_Task requirements_.
All of the data below should be set down again verbatim, without any images.

_Record excerpts_.
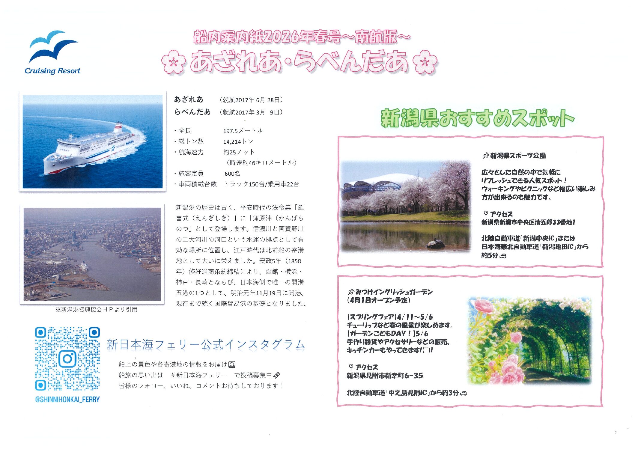 ホーム 船舶 けやき/あかしあ すずらん/すいせん らべんだあ/あざれあ らいらっく/ゆうかり 全ての船舶 ▲ ▼ 船旅案内紙 2020/2/20 新潟→小樽 かもめだより 小樽フェリーターミナルより小樽のおすすめスポットをご紹介します♪ 詳細へ 小樽→新潟かもめだより 新潟フェリーターミナルより新潟のおすすめスポットをご紹介します♪ 詳細へ
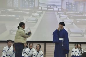 一场戏,跨越千年;一堂课,贯穿古今。近日,安定书院胡瑗文化节在东校区26-114拉开帷幕。师生携手演绎“分斋教学”经典场景,以情景剧形式生动“复活”湖学传统,让“明体达用”的校训精神在沉浸式课堂中焕发新光彩。执行院长吕小芬学院师生共同观看演出。
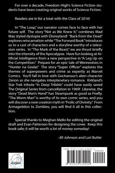 This collection of short stories are submitted by the graduating seniors of Freedom High School that are enrolled in Jill Johnson's science fiction class. It was edited by student Meghan Mello and Graphic Design teacher Lori Butler in collaboration with Jill Johnson. The publishing of the book was sponsored by the Communications Academy and the artwork was submitted by Evan Patterson.
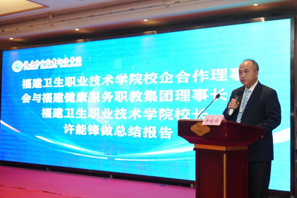 會(huì)議最后,我校校長(zhǎng)許能鋒作總結(jié)發(fā)言。他希望集團(tuán)成員們攜手努力,一是加強(qiáng)資源共享,切實(shí)提升人才培養(yǎng)成效;二是深化產(chǎn)教融合,服務(wù)衛(wèi)生健康產(chǎn)業(yè)發(fā)展;三是打造平臺(tái),探索衛(wèi)生健康職教特色之路,共同走出、走好一條具有福建特色的醫(yī)藥衛(wèi)生健康職業(yè)教育高質(zhì)量發(fā)展之路。
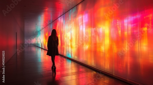 woman, silhouette, back, walking, corridor, wall, light, colourful, illuminated, bright, red, orange, yellow, pink, purple, teal, gradient, glasses, panel, modern, architecture, interior, design, art, installation, abstract, moody, atmospheric, reflective, floor
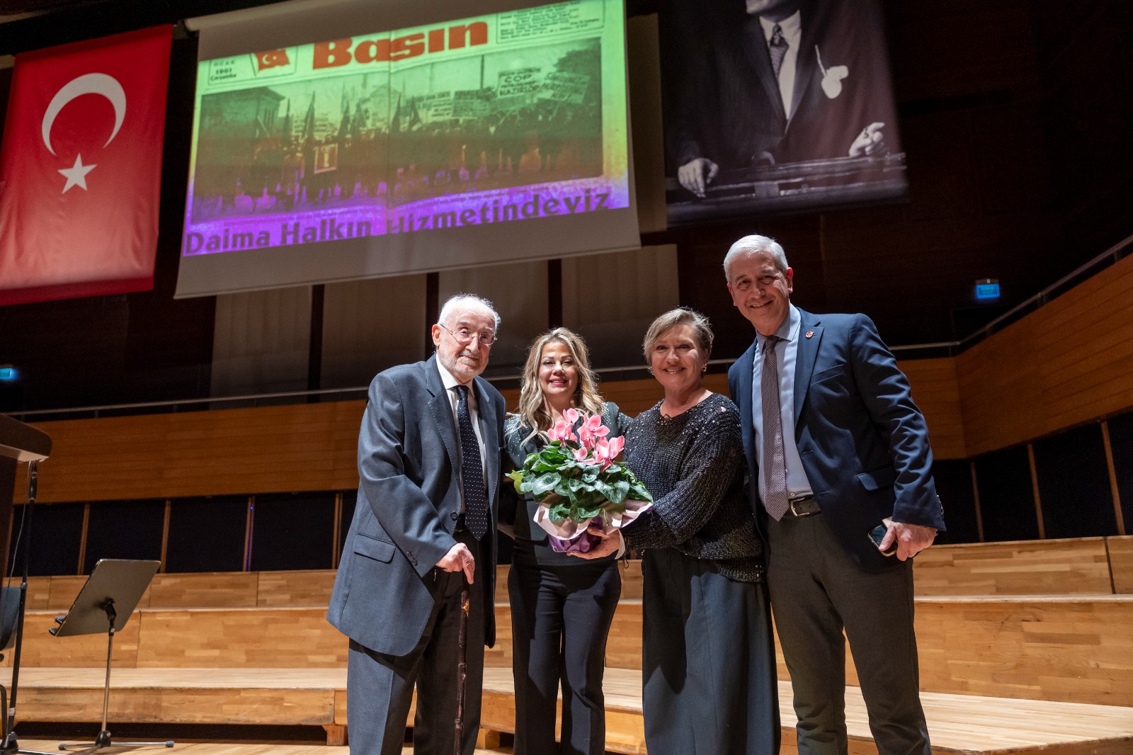 10 Ocak’ın yalnızca bir kutlama günü olmadığını vurgulayan Gappi, 212 sayılı Basın Yasası sürecini hatırlatarak, gazetecilerin “Basın” gazetesiyle sergilediği direnişin mesleki onurun simgesi olduğunu söyledi. Bu süreci birebir yaşamış duayen gazeteci Öcal Uluç da sahnede anılarını paylaştı.
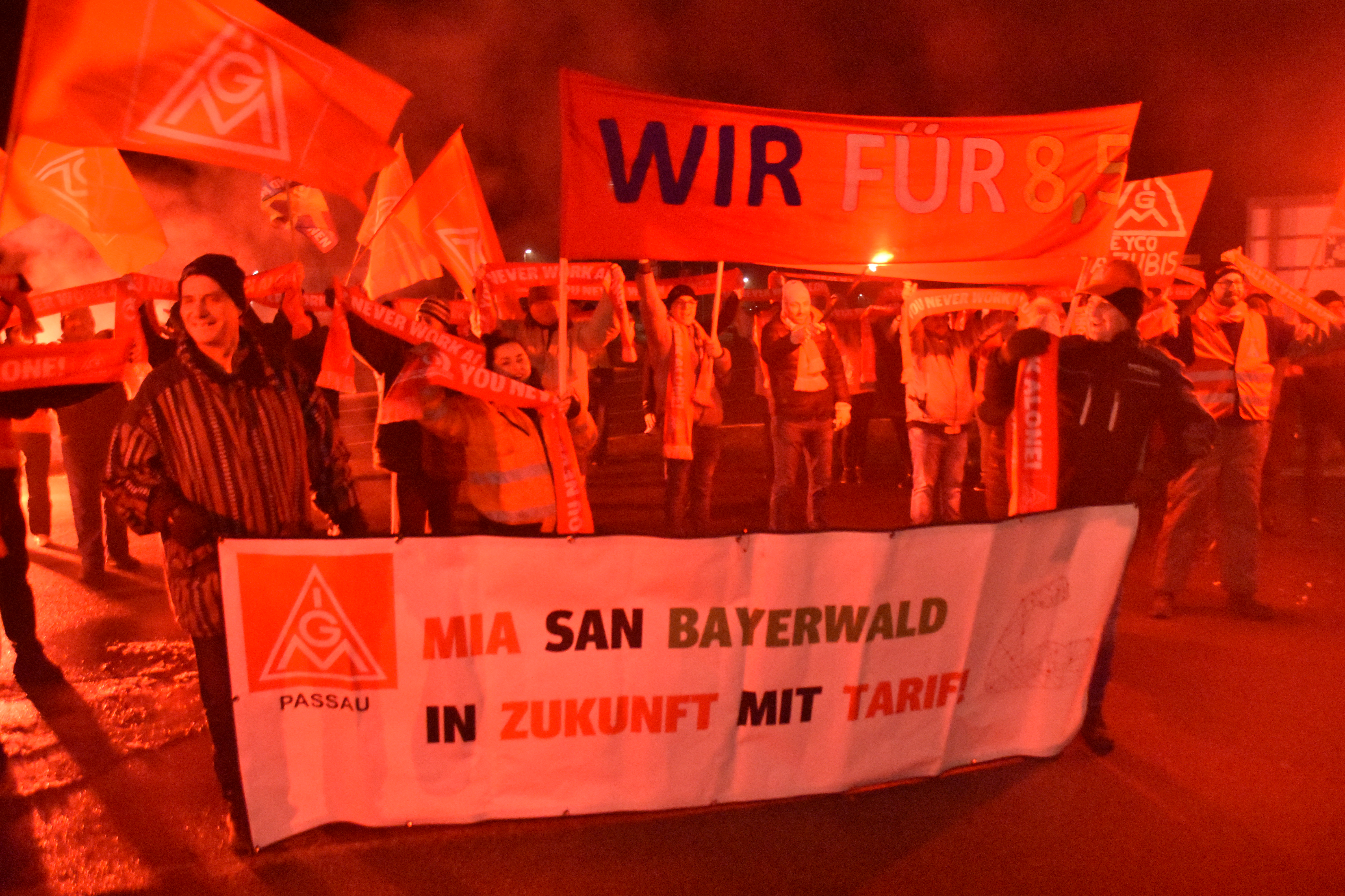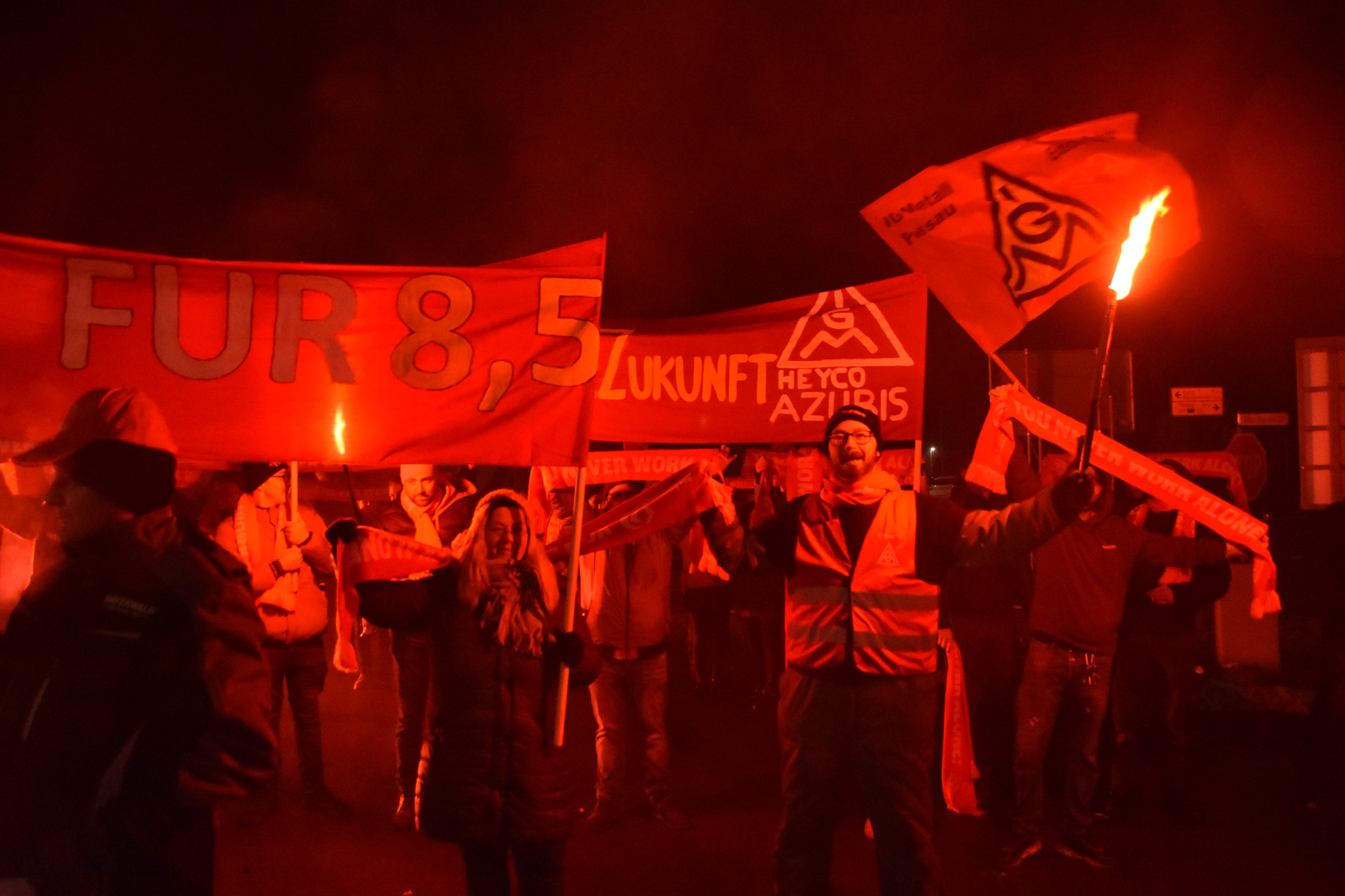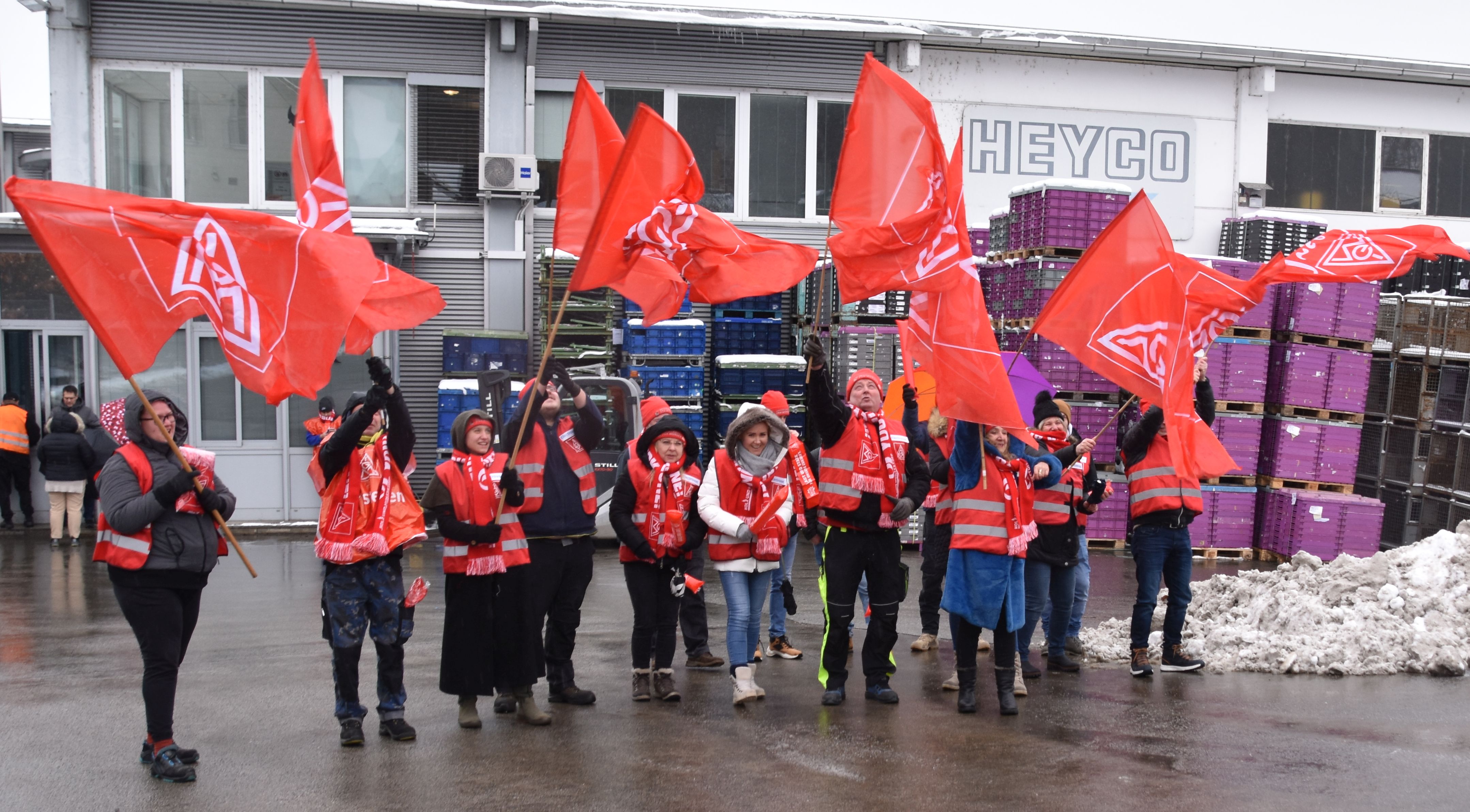 Die Warnstreiks in der Tarifrunde der Holz- und Kunststoffindustrie haben begonnen: 200 Beschäftigte demonstrierten bei der 0-Uhr-Aktion bei Heyco in Tittling ihren Unmut darüber, dass die Arbeitgeber ihnen ein vernünftiges Angebot verweigern. Und die Warnstreiks gehen weiter!

_Problem solution_.
 ホーム 船舶 けやき/あかしあ すずらん/すいせん らべんだあ/あざれあ らいらっく/ゆうかり 全ての船舶 ▲ ▼ 船旅案内紙 2020/2/20 新潟→小樽 かもめだより 小樽フェリーターミナルより小樽のおすすめスポットをご紹介します♪ 詳細へ 小樽→新潟かもめだより 新潟フェリーターミナルより新潟のおすすめスポットをご紹介します♪ 詳細へ
 一场戏,跨越千年;一堂课,贯穿古今。近日,安定书院胡瑗文化节在东校区26-114拉开帷幕。师生携手演绎“分斋教学”经典场景,以情景剧形式生动“复活”湖学传统,让“明体达用”的校训精神在沉浸式课堂中焕发新光彩。执行院长吕小芬学院师生共同观看演出。
 This collection of short stories are submitted by the graduating seniors of Freedom High School that are enrolled in Jill Johnson's science fiction class. It was edited by student Meghan Mello and Graphic Design teacher Lori Butler in collaboration with Jill Johnson. The publishing of the book was sponsored by the Communications Academy and the artwork was submitted by Evan Patterson.
 會(huì)議最后,我校校長(zhǎng)許能鋒作總結(jié)發(fā)言。他希望集團(tuán)成員們攜手努力,一是加強(qiáng)資源共享,切實(shí)提升人才培養(yǎng)成效;二是深化產(chǎn)教融合,服務(wù)衛(wèi)生健康產(chǎn)業(yè)發(fā)展;三是打造平臺(tái),探索衛(wèi)生健康職教特色之路,共同走出、走好一條具有福建特色的醫(yī)藥衛(wèi)生健康職業(yè)教育高質(zhì)量發(fā)展之路。
 woman, silhouette, back, walking, corridor, wall, light, colourful, illuminated, bright, red, orange, yellow, pink, purple, teal, gradient, glasses, panel, modern, architecture, interior, design, art, installation, abstract, moody, atmospheric, reflective, floor
 10 Ocak’ın yalnızca bir kutlama günü olmadığını vurgulayan Gappi, 212 sayılı Basın Yasası sürecini hatırlatarak, gazetecilerin “Basın” gazetesiyle sergilediği direnişin mesleki onurun simgesi olduğunu söyledi. Bu süreci birebir yaşamış duayen gazeteci Öcal Uluç da sahnede anılarını paylaştı.
 Die Warnstreiks in der Tarifrunde der Holz- und Kunststoffindustrie haben begonnen: 200 Beschäftigte demonstrierten bei der 0-Uhr-Aktion bei Heyco in Tittling ihren Unmut darüber, dass die Arbeitgeber ihnen ein vernünftiges Angebot verweigern. Und die Warnstreiks gehen weiter!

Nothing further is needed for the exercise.